May 21,2016 - Last updated at May 21,2016

Even amid the chaos and catastrophes caused by war, there are internationally recognised limits on combatants’ behaviour. And yet, recent deliberate attacks on refugee camps and hospitals, in Syria and elsewhere, demonstrate an absolute disdain for basic humanitarian norms.

Indeed, such behaviour — which also includes obstruction of humanitarian aid and attacks on medical and humanitarian personnel — has become all too common.

Today, the United Nations estimates that approximately 125 million people are in need of humanitarian aid — a number that increases every year.

More than 60 million people — half of them children — are currently displaced as a result of violence or conflict.

In the past decade alone, the cost of humanitarian aid has increased 600 per cent, making it practically unsustainable.

With this concern in mind, UN Secretary-General Ban Ki-moon has convened a World Humanitarian Summit, the first in the UN’s 60-year history.

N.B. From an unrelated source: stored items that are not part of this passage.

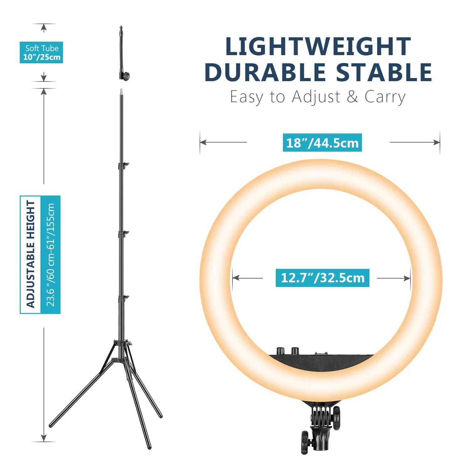 LIGHT STAND & SOFT TUBE: 61inches light stand is constructed from aluminum alloy, giving it exceptional strength; Its solid locking capabilities ensure the safety of your lighting equipment when in use. The flexible soft tube design makes the ring light adjusted at any angle
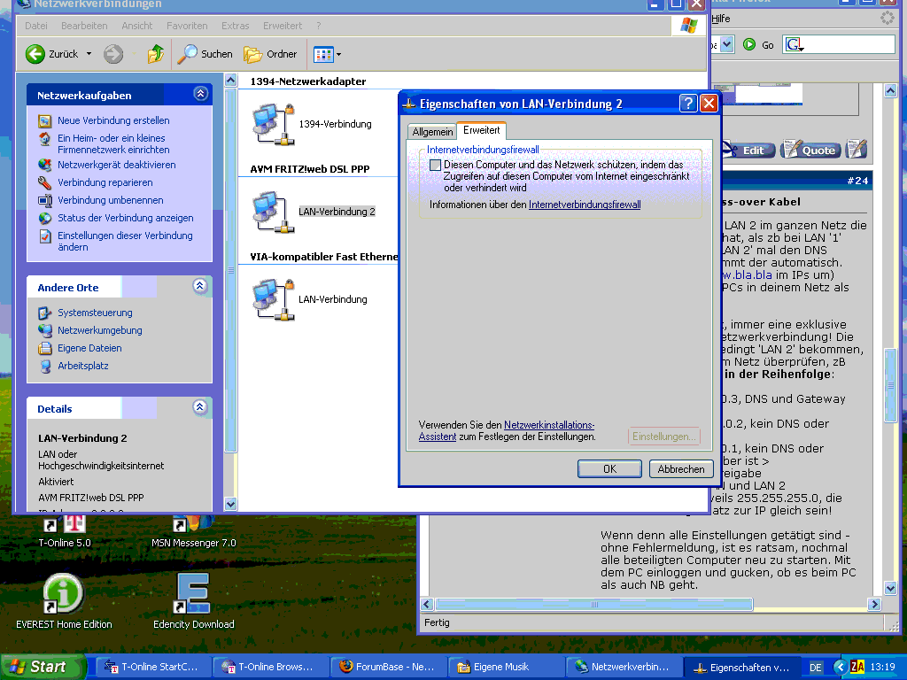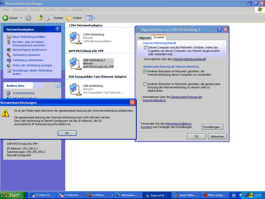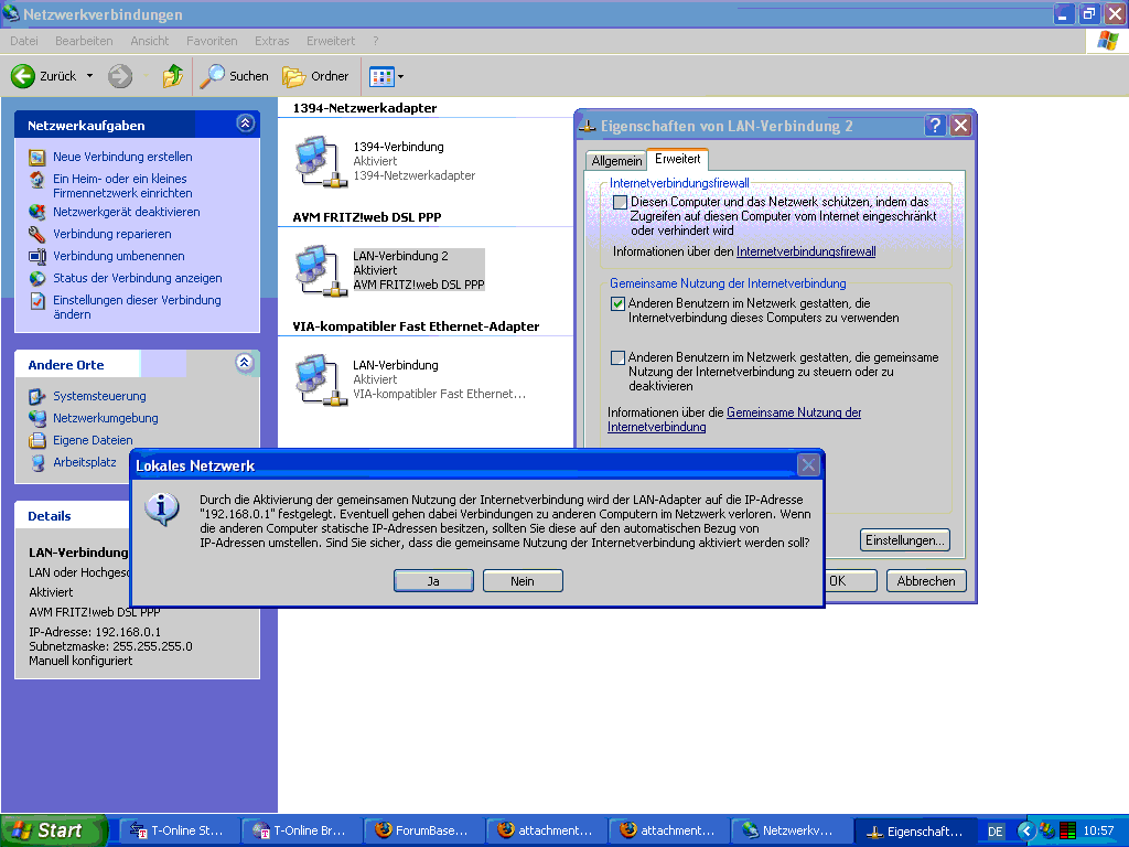 - den AVM 'LAN-Verbindung 2' auf 192.168.0.1/255.255.255.0 stellen und bei diesem Inetfreigabe einstellen
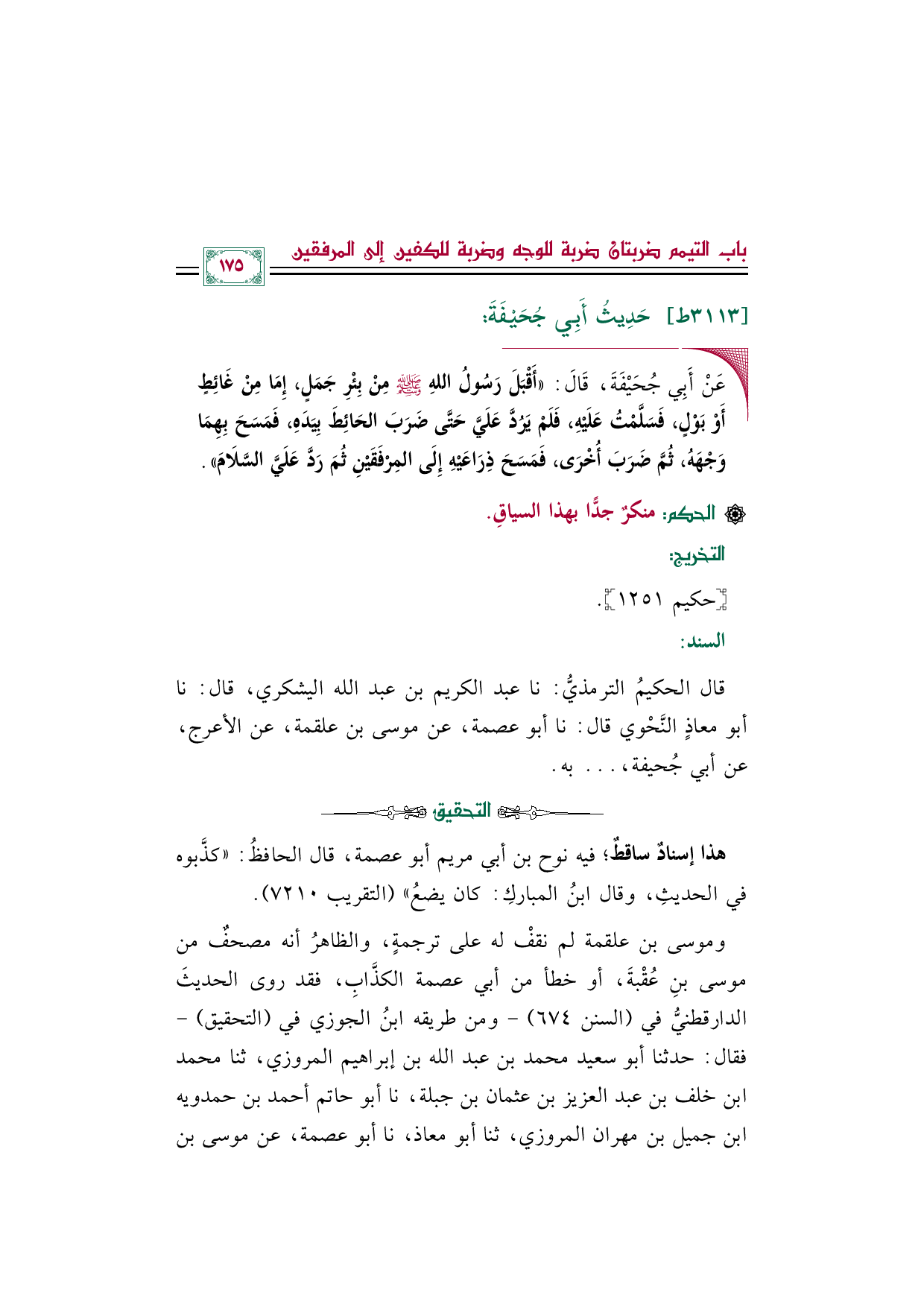 قال الحكيمُ الترمذيُّ: نا عبد الكريم بن عبد الله اليشكري، قال: نا أبو معاذٍ النَّحْوي قال: نا أبو عصمة، عن موسى بن علقمة، عن الأعرج، عن أبي جُحيفة، ... به.

The meetings and talks taking place in Istanbul on May 23-24 will address the five core items comprising the Agenda for Humanity: preventing and ending conflicts; defending humanitarian norms; reducing displacement, protecting women and girls and providing education in conflict zones; reinforcing national and local capacities to provide aid; and increasing investment in human development.

While the needs caused by natural disasters (some related to climate change) or epidemics are pressing, those related to conflicts are no less urgent.

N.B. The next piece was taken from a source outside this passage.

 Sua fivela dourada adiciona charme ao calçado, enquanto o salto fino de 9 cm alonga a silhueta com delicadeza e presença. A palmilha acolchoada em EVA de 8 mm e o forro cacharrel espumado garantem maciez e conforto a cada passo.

Given the length and the magnitude of many of today’s conflicts — in which great powers are frequently involved — a bold and comprehensive international commitment is urgently needed for prevention and humanitarian response.

In addition to heads of state and government from all over the world, the summit will bring together civil-society and private-sector organisations, because when it comes to meeting humanitarian needs, everyone must be involved.

But while the responsibility for upholding humanitarian norms does not concern only governments, they are essential in enforcing them.

In order to prevent humanitarian disasters resulting from war, the first priority is to respect the norms aimed at safeguarding civilians.

The Geneva Conventions concern those people and areas that should remain beyond the scope of armed conflict and that should be guaranteed aid.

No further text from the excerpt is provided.